When Rudi Meier was elected to the presidency of the Adventist Development and Relief Agency in October 2010, he told the employees that he planned to bring the agency closer to the church and boost morale, which he perceived as being very low. To the Board he said that he wanted to move the Agency more into development work and away from relief efforts. Those were his plans for saving ADRA.
Five months later, in February 2011, in a move originally described as necessary for financial reasons, seventeen employees, including two vice presidents, were given pink slips as part of Meier’s plan to reorganize the Agency and make it more competitive for US AID funding. Later the financial reasons were clarified to be those in the future, since ADRA experienced one of its strongest fund raising years ever in 2010. Proposed future changes in funding from US AID were the reason to “right-size” the Agency according to its administration.
Just as Meier’s election had taken the Agency employees by surprise in 2010, the mass firings took employees and Board members by surprise in 2011. Board members promised to look into the circumstances at their next meeting in April. Petitions were drafted and vigils held before the Board session which turned into an eight-hour marathon of debate that brought no change. The Board finally voted to support the president.
As 2011 progressed and work began in the reorganized Agency, ten additional employees chose to leave. The internal auditing and planning departments were particularly hard-hit leaving the agency without any internal auditors. Half of the planning staff left. To date 27 employees have moved on. The workforce has been reduced by a third. There is no plan to replace the internal auditors.
However, without internal auditors and a reduced finance staff, there have been significant challenges to the Agency which is undergoing an audit of the funds it received from the US Office of Foreign Disaster Assistance to help in Haiti after the earthquake. Auditors are also crucial to the public appeal process, since the Agency must ensure that all money donated for a specific project goes to that project.

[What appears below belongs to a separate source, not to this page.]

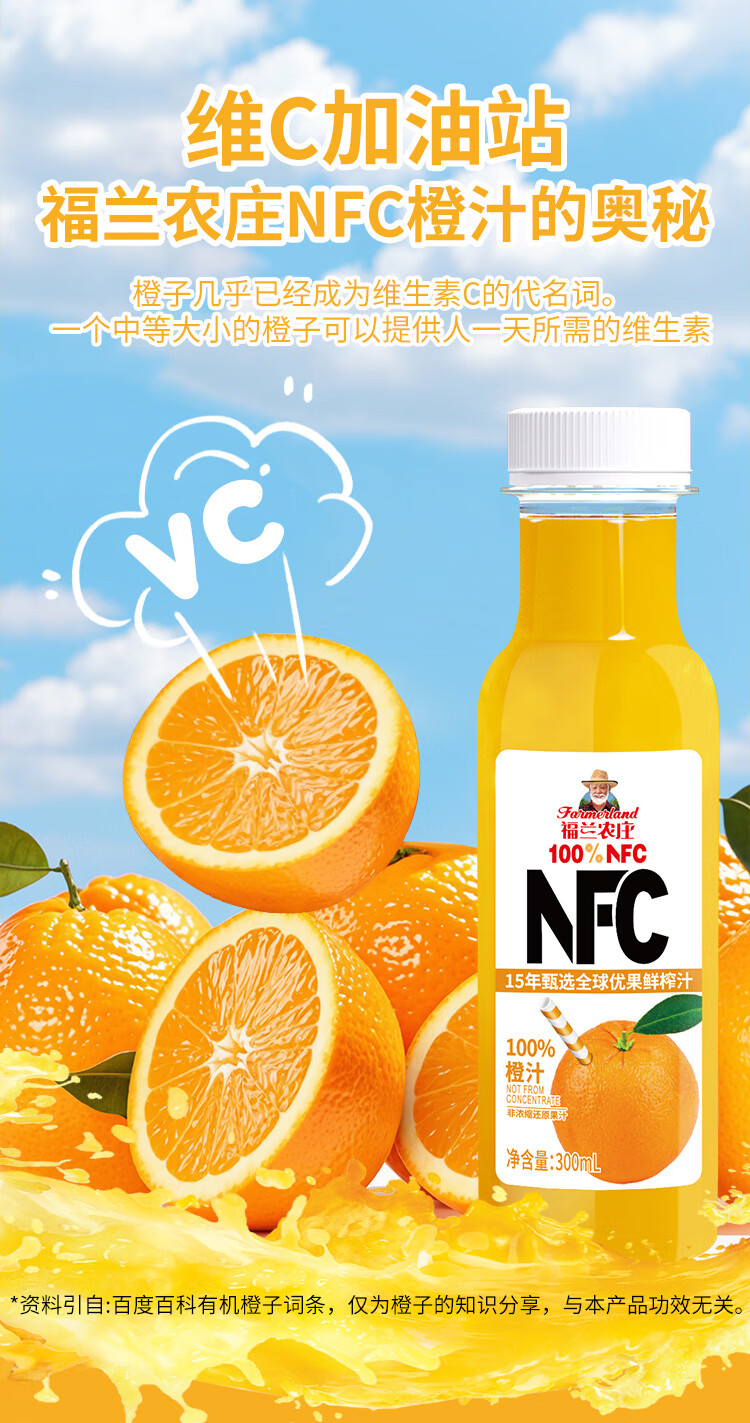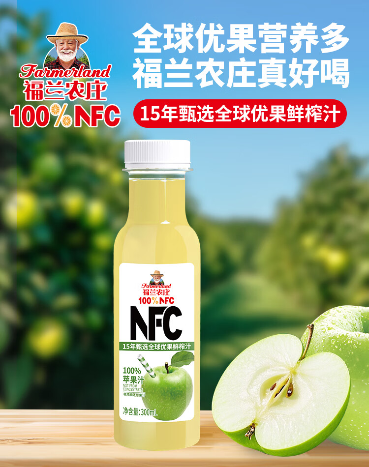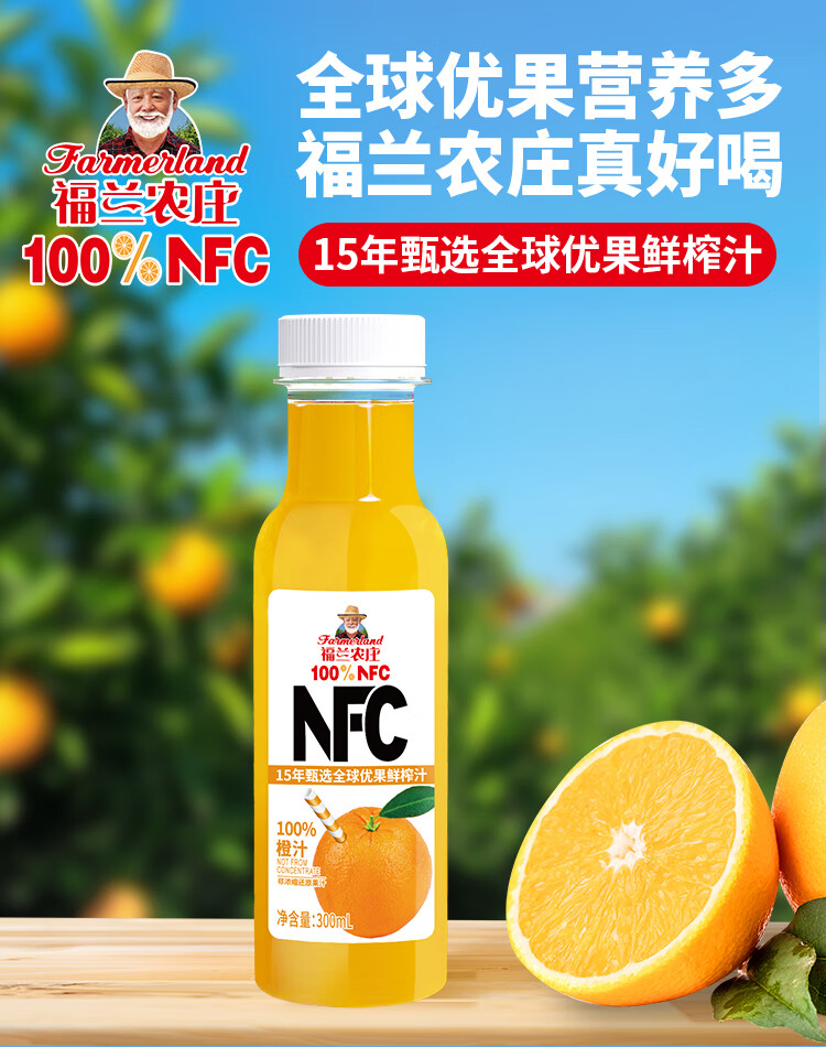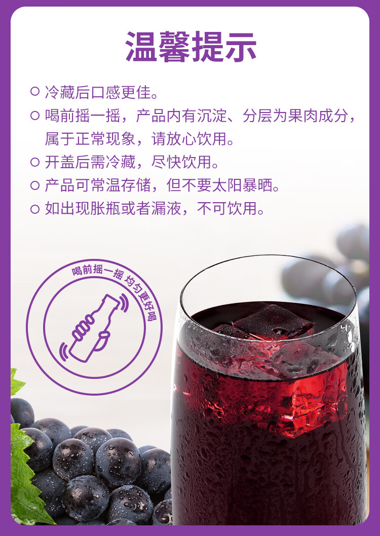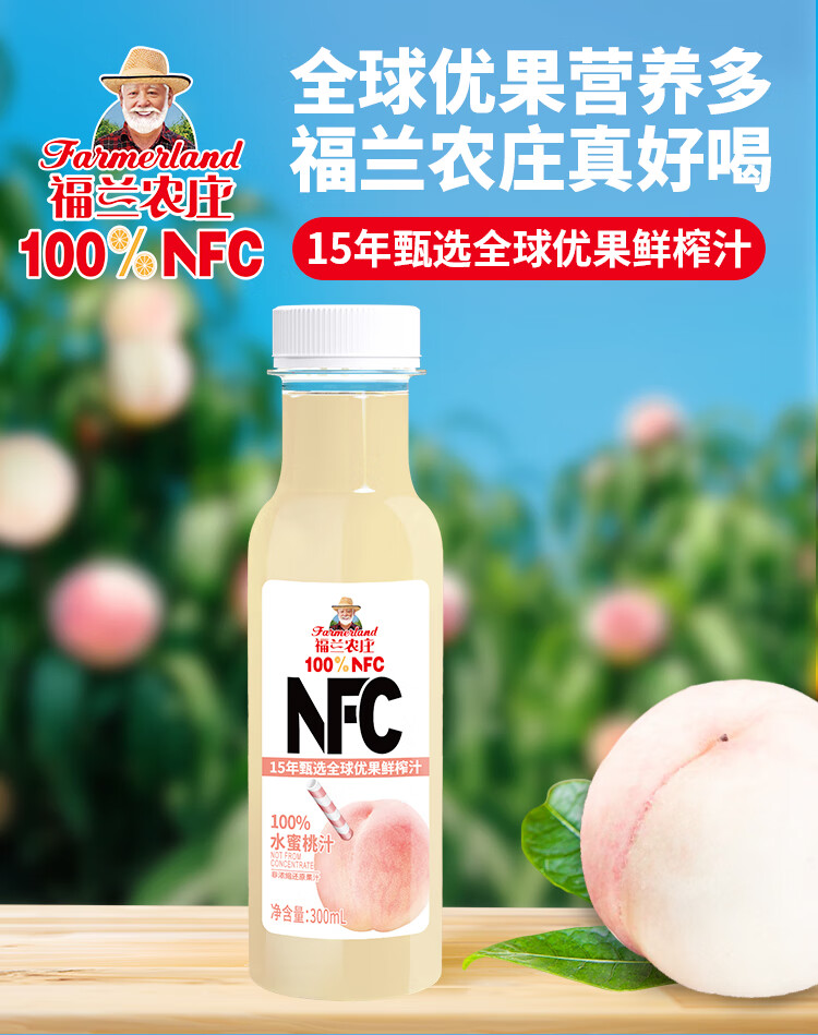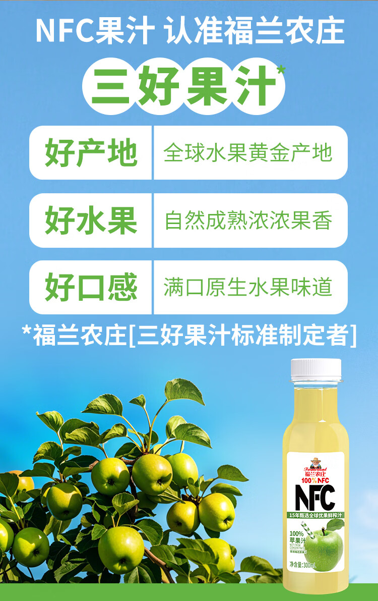 福兰农庄100%NFC鲜榨果汁配料表干净0脂肪饮料 NFC葡萄汁300ml*10瓶礼盒装
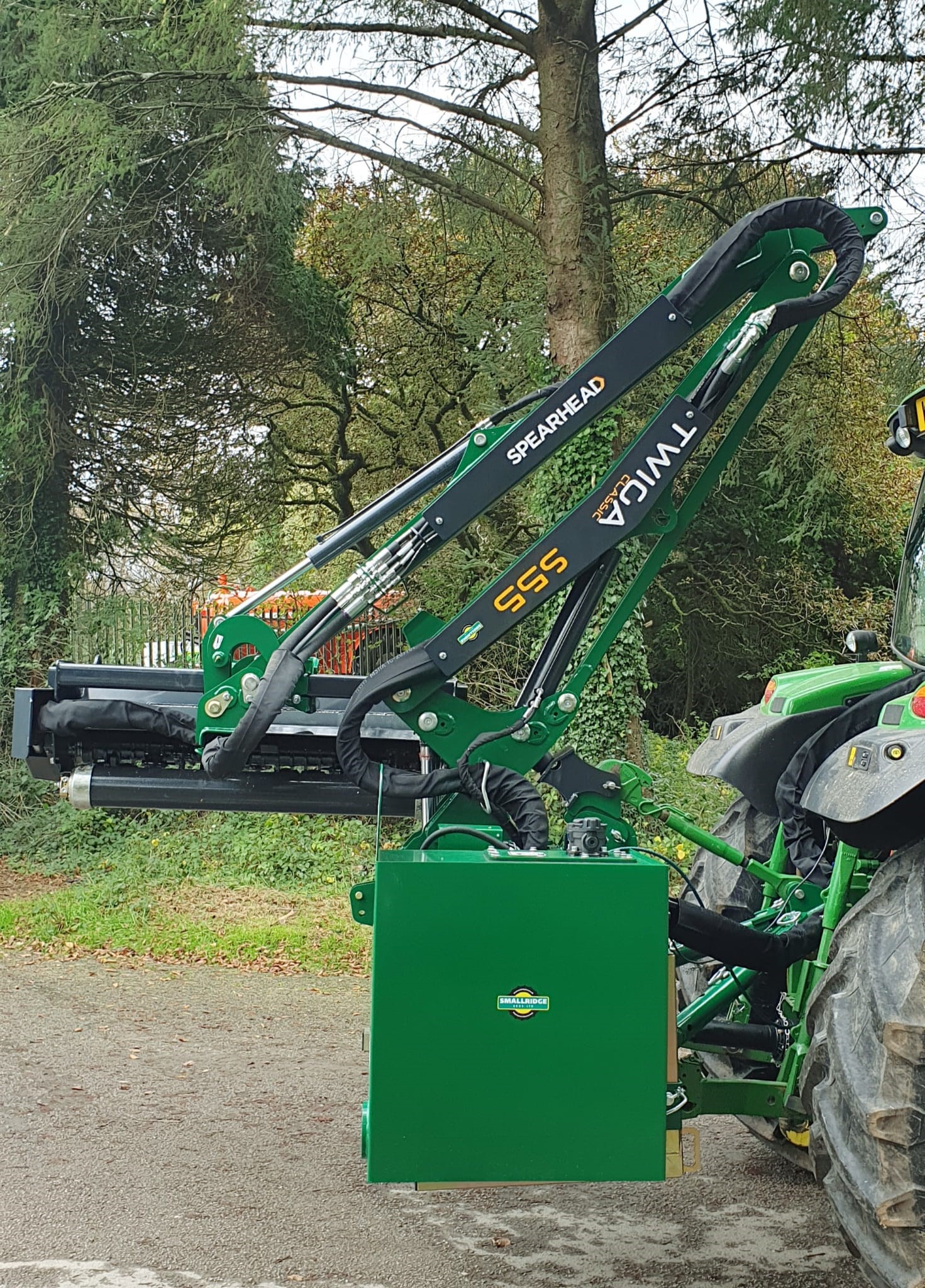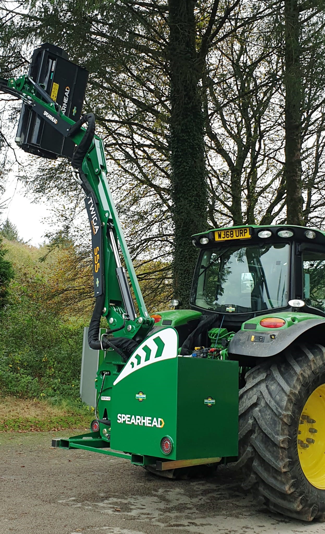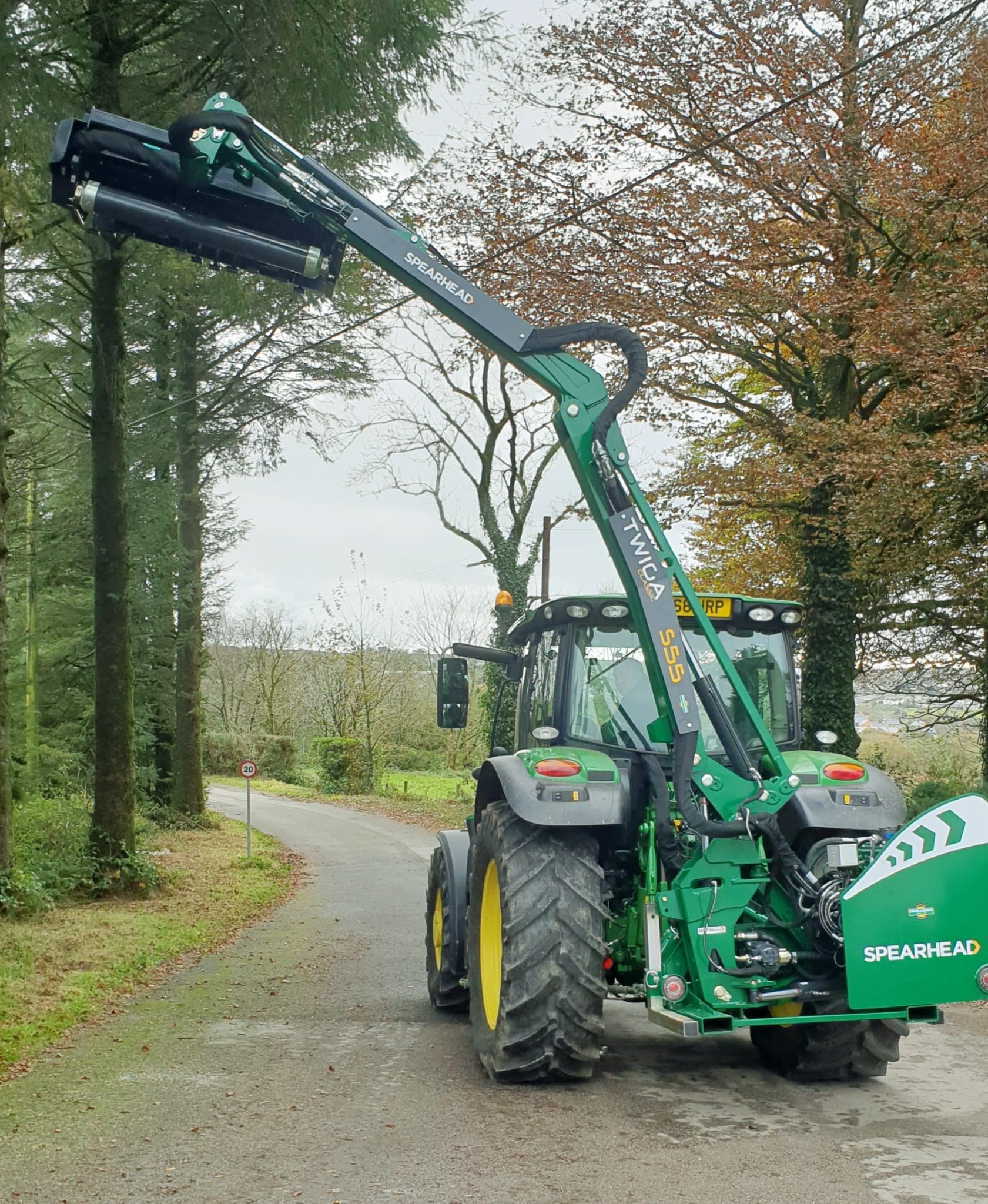 NEW SPEARHEAD TWIGA CLASSIC S55 HEDGE TRIMMER. 5.5 METRE MAXIMUMREACH, MP2 1.2 METRE FLAIL HEAD WITH T FLAILS, 65HP INDEPENDENT HYDRAULIC SYSTEM, PILOT PROPORTIONAL JOYSTICK CONTROL WITH CABLE ROTOR ENGAGEMENT, PARALLEL ARM LINKAGE & ROAD LEGAL LIGHTING.

Two of the changes in the reorganization seem to indicate that Meier plans to move the Agency back to the way it functioned in the late 1990’s. The first was naming Ken Flemmer as vice president. Flemmer, a long-time ADRA employee, has been key to Meier’s plans for the new ADRA. The second change was the dismissal of the personnel that had been hired to help each ADRA country unit with the process of licensure. This seemed to spell the end to the professionalization program that was underway.
Will this reorganization of ADRA save it? Will the Audit Committee of the Board be able to help get it through this latest audit and save the financial reputation of the Agency in the face of the surprising changes made in the past year? The Agency Board meets again Monday. By rights, the saving of ADRA lies in its hands.